Required action - The reply should contain the full listing exactly as written and no pictures at all.

Records shown -
────────────────

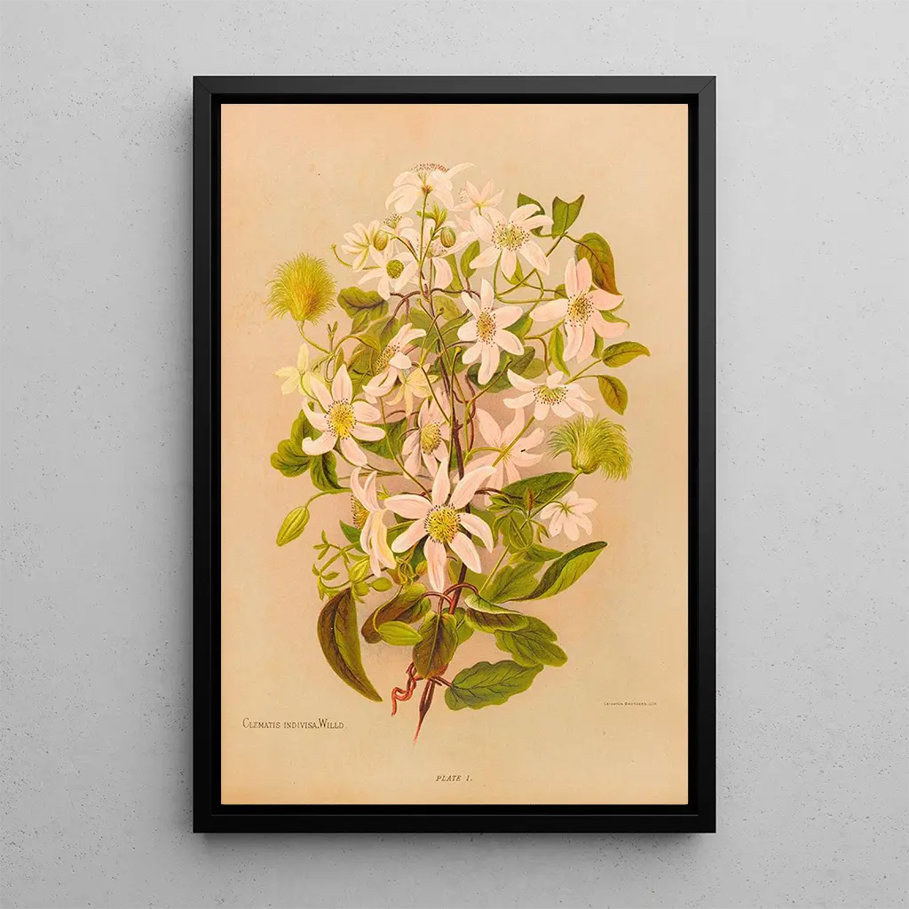 Clematis indivisa, Georgina Burne Hetleyn teos, kuvaa herkkää kukkivaa tanssia, jossa terälehdet kietoutuvat kauniisti toisiinsa. Kompositio on todellinen kunnianosoitus luonnolle, vangiten tämän köynnöskasvin olemuksen. Elävät värit ja hienovaraiset vihreän ja violetin sävyt luovat elävän ja iloisen tunnelman. Vesiväritekniikka, sen sulavien sävyjen kanssa, mahdollistaa kukkien keveyden tuntemisen, melkein kuin ne leijuisivat kankaalla. Tämä taidegrafiikka kutsuu mietiskelyyn, pakoon vehreään puutarhaan, jossa jokainen yksityiskohta on huolellisesti esillä.
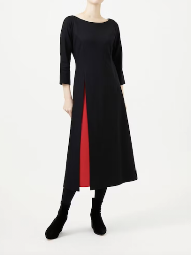 サイドスリットから覗く配色スカートが印象的なレイヤードスタイルのドレスです。
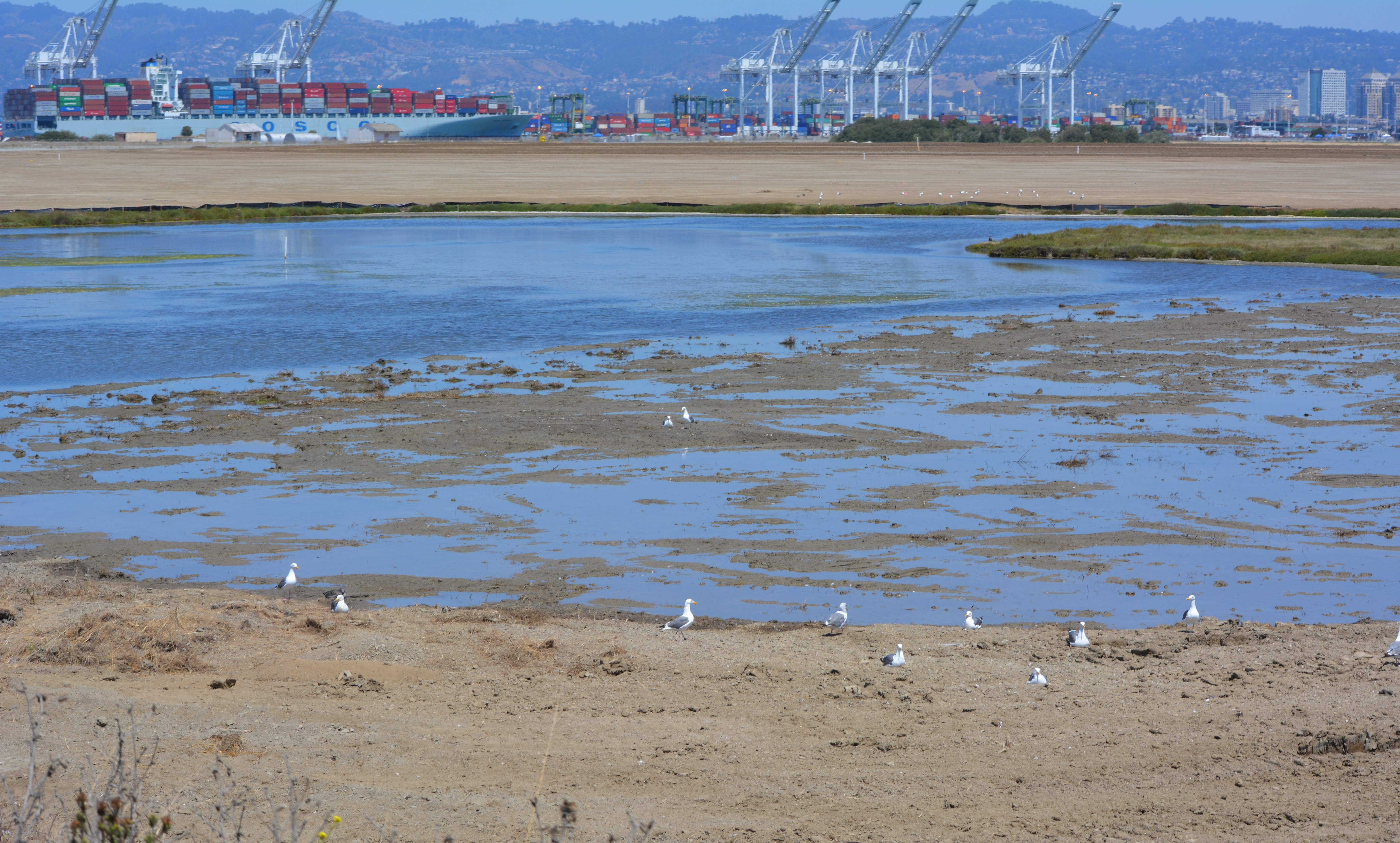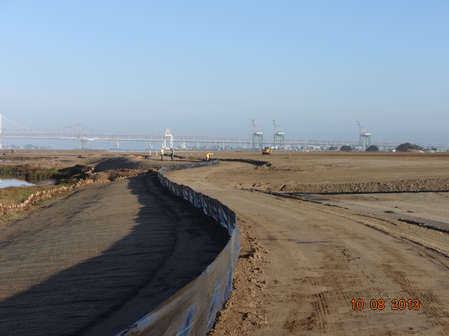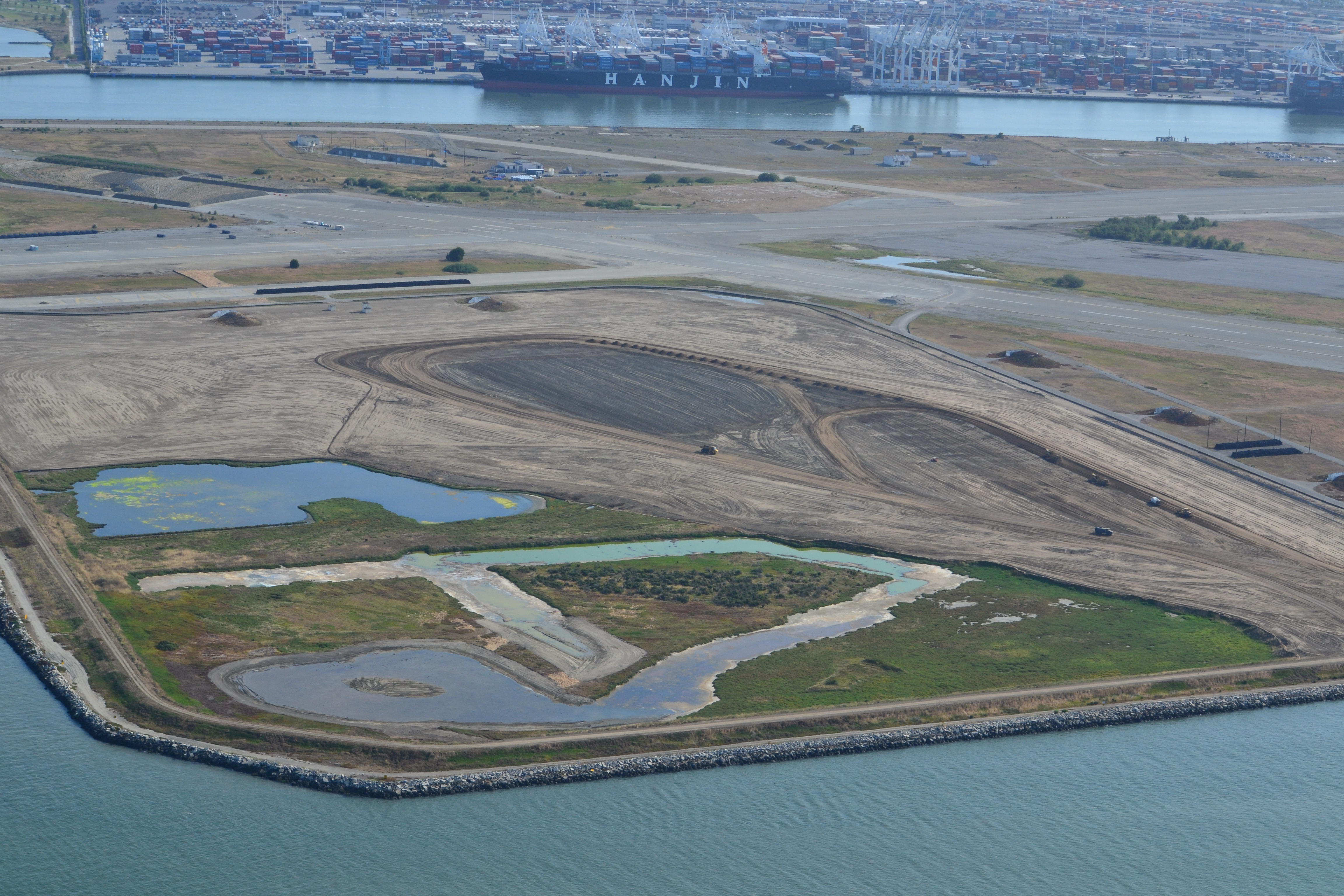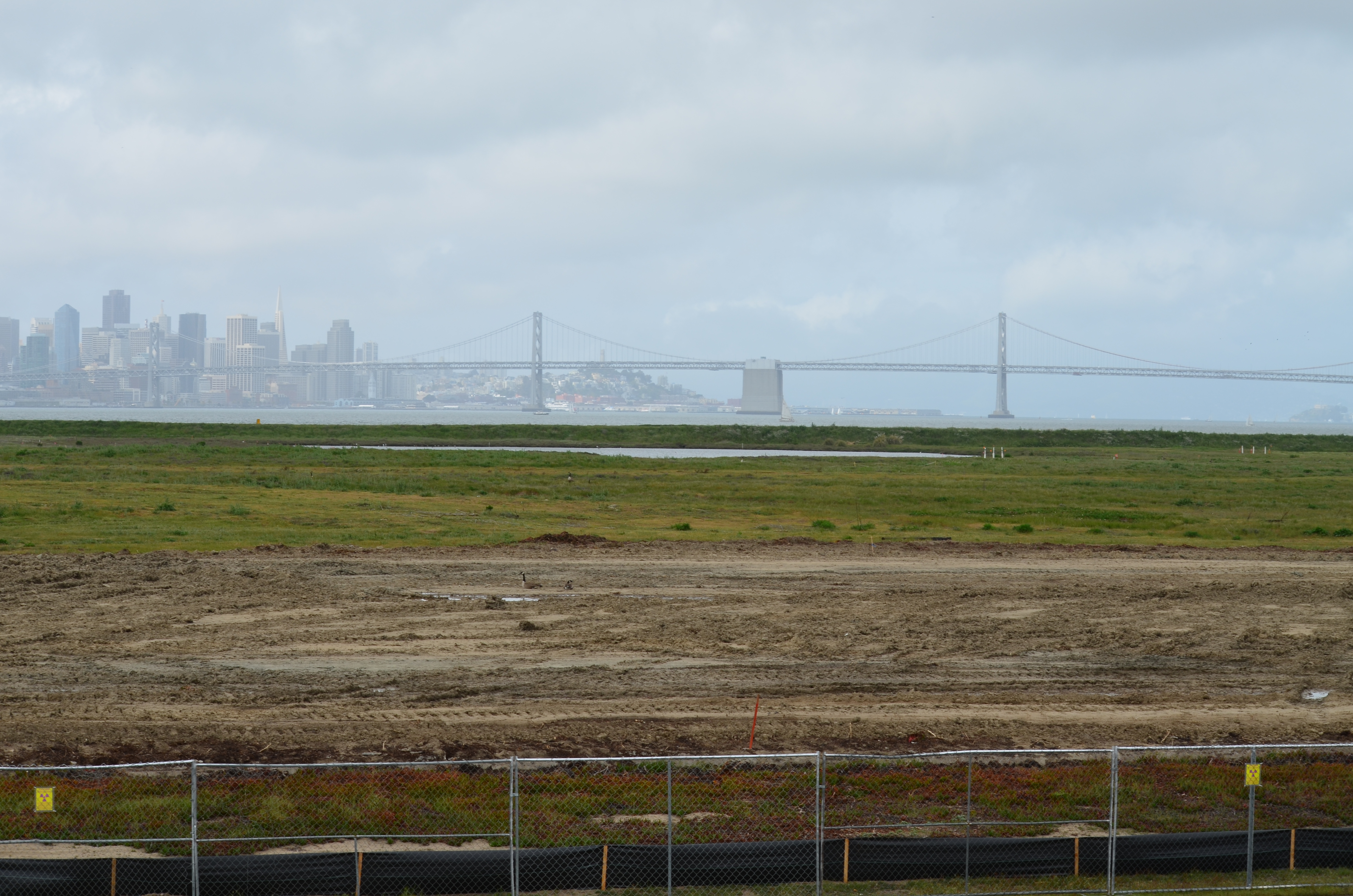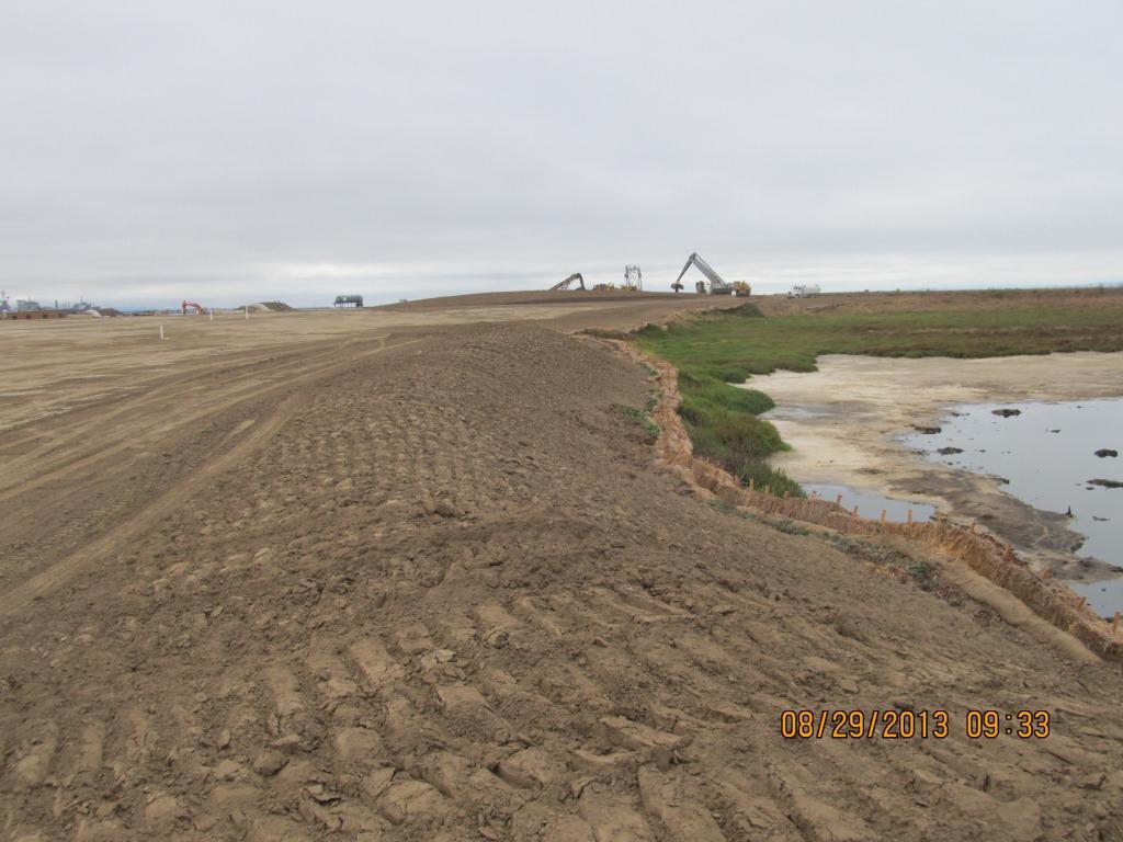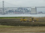 Site 2 wetland area and adjacent contouring underway in early July 2013. Wetland area has since been expanded by several acres. Port of Oakland is in the background. Bay Trail will eventually follow the foreground shoreline along the Bay. Funding and construction of the Bay Trail is not part of this project, and is yet to be funded.
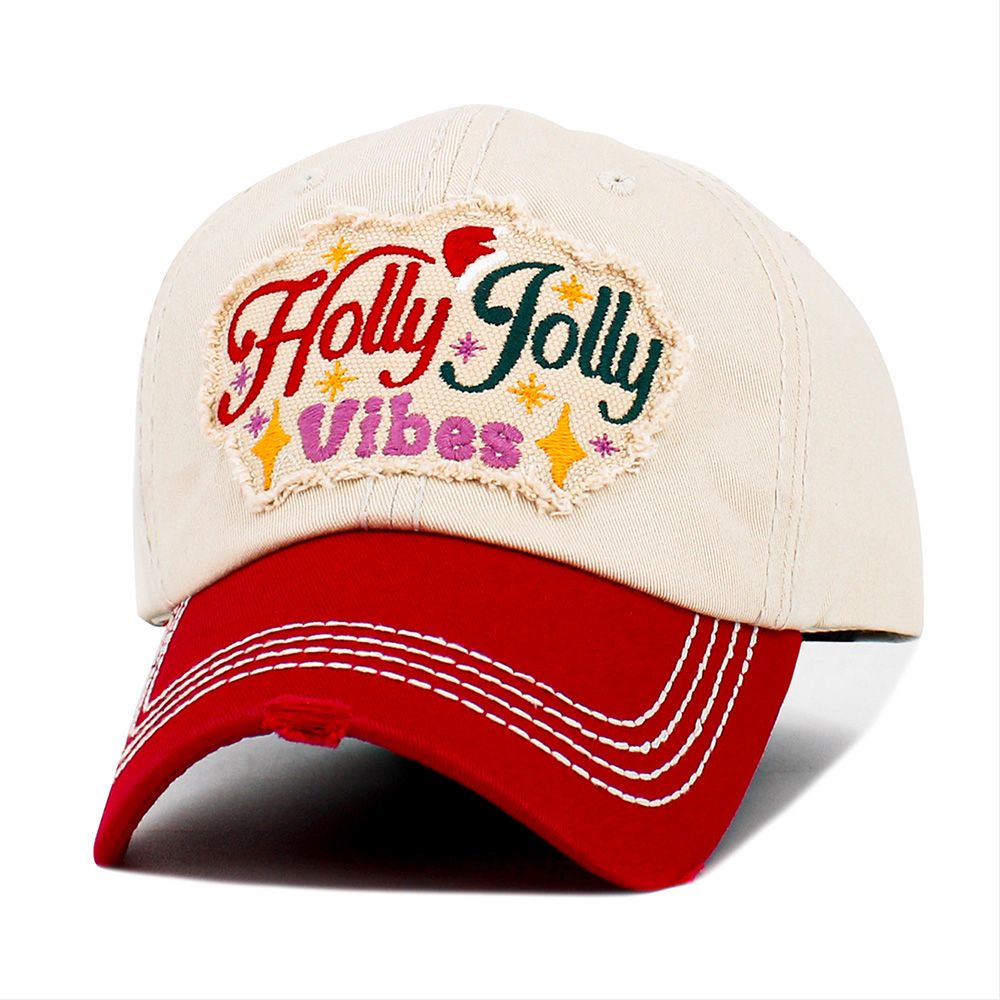 HOLLY JOLLY Vibes Message Embroidered Christmas Vintage Baseball Cap
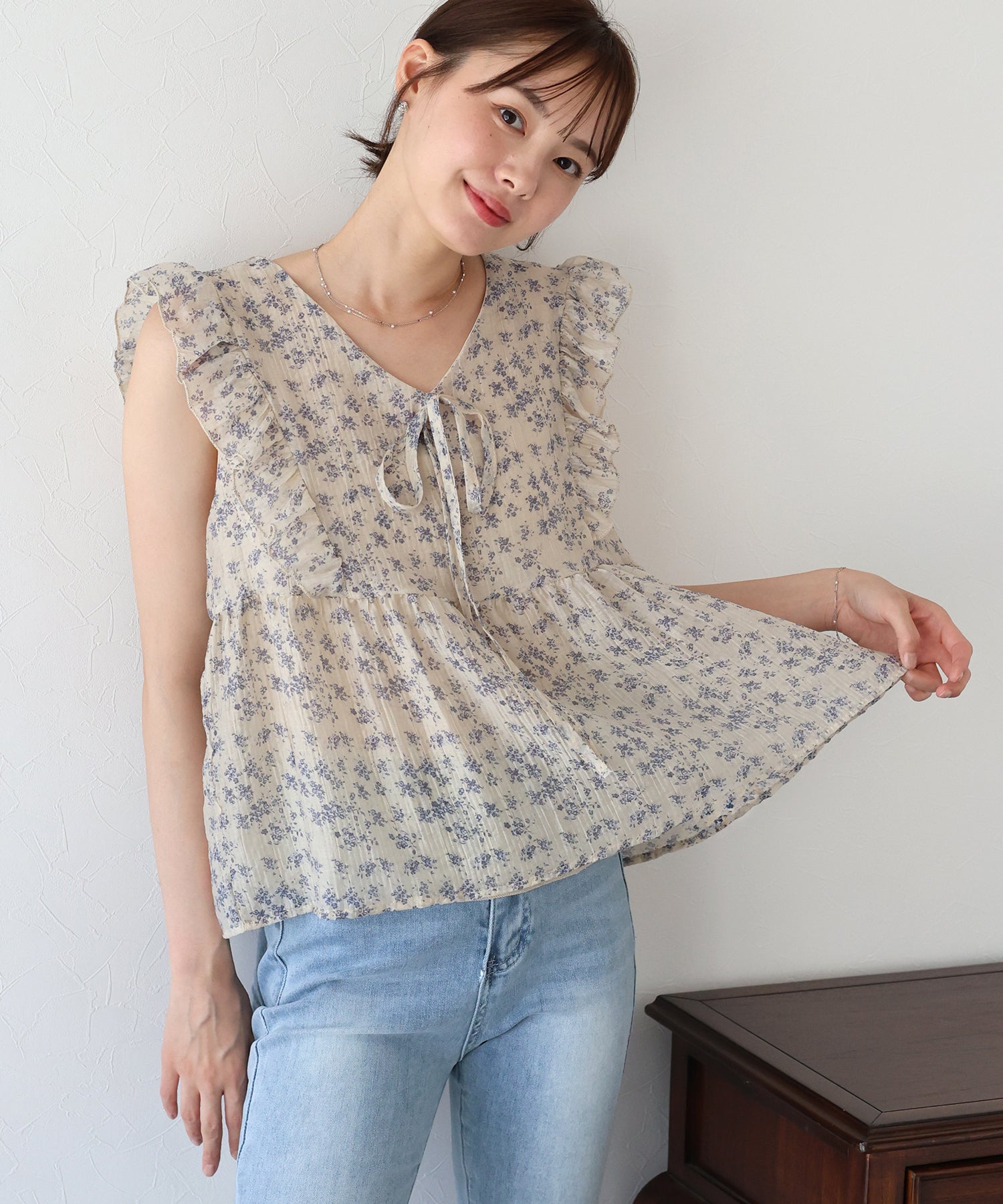 小花柄×フリルが大人かわいいノースリーブブラウス ?POINT フェミニンなイメージをつめこんだノースリーブブラウス。 おとなガーリーな小花柄に胸元のリボンと肩まわりのフリルでかわいらしいさをプラスしました。 ノースリーブながら、フリルが肩まわりをカバーしてくれるデザインで、 一枚で着やすいのもうれしいポイント◎ ふんわりひろがるシルエットが女性らしく、ヒップ周りもさりげなくカバーしてくれます。 一枚で着映えが叶う、夏のお出かけにピッタリなアイテムです。

────────────────

Written solution -
 Clematis indivisa, Georgina Burne Hetleyn teos, kuvaa herkkää kukkivaa tanssia, jossa terälehdet kietoutuvat kauniisti toisiinsa. Kompositio on todellinen kunnianosoitus luonnolle, vangiten tämän köynnöskasvin olemuksen. Elävät värit ja hienovaraiset vihreän ja violetin sävyt luovat elävän ja iloisen tunnelman. Vesiväritekniikka, sen sulavien sävyjen kanssa, mahdollistaa kukkien keveyden tuntemisen, melkein kuin ne leijuisivat kankaalla. Tämä taidegrafiikka kutsuu mietiskelyyn, pakoon vehreään puutarhaan, jossa jokainen yksityiskohta on huolellisesti esillä.
 サイドスリットから覗く配色スカートが印象的なレイヤードスタイルのドレスです。
 Site 2 wetland area and adjacent contouring underway in early July 2013. Wetland area has since been expanded by several acres. Port of Oakland is in the background. Bay Trail will eventually follow the foreground shoreline along the Bay. Funding and construction of the Bay Trail is not part of this project, and is yet to be funded.
 HOLLY JOLLY Vibes Message Embroidered Christmas Vintage Baseball Cap
 小花柄×フリルが大人かわいいノースリーブブラウス ?POINT フェミニンなイメージをつめこんだノースリーブブラウス。 おとなガーリーな小花柄に胸元のリボンと肩まわりのフリルでかわいらしいさをプラスしました。 ノースリーブながら、フリルが肩まわりをカバーしてくれるデザインで、 一枚で着やすいのもうれしいポイント◎ ふんわりひろがるシルエットが女性らしく、ヒップ周りもさりげなくカバーしてくれます。 一枚で着映えが叶う、夏のお出かけにピッタリなアイテムです。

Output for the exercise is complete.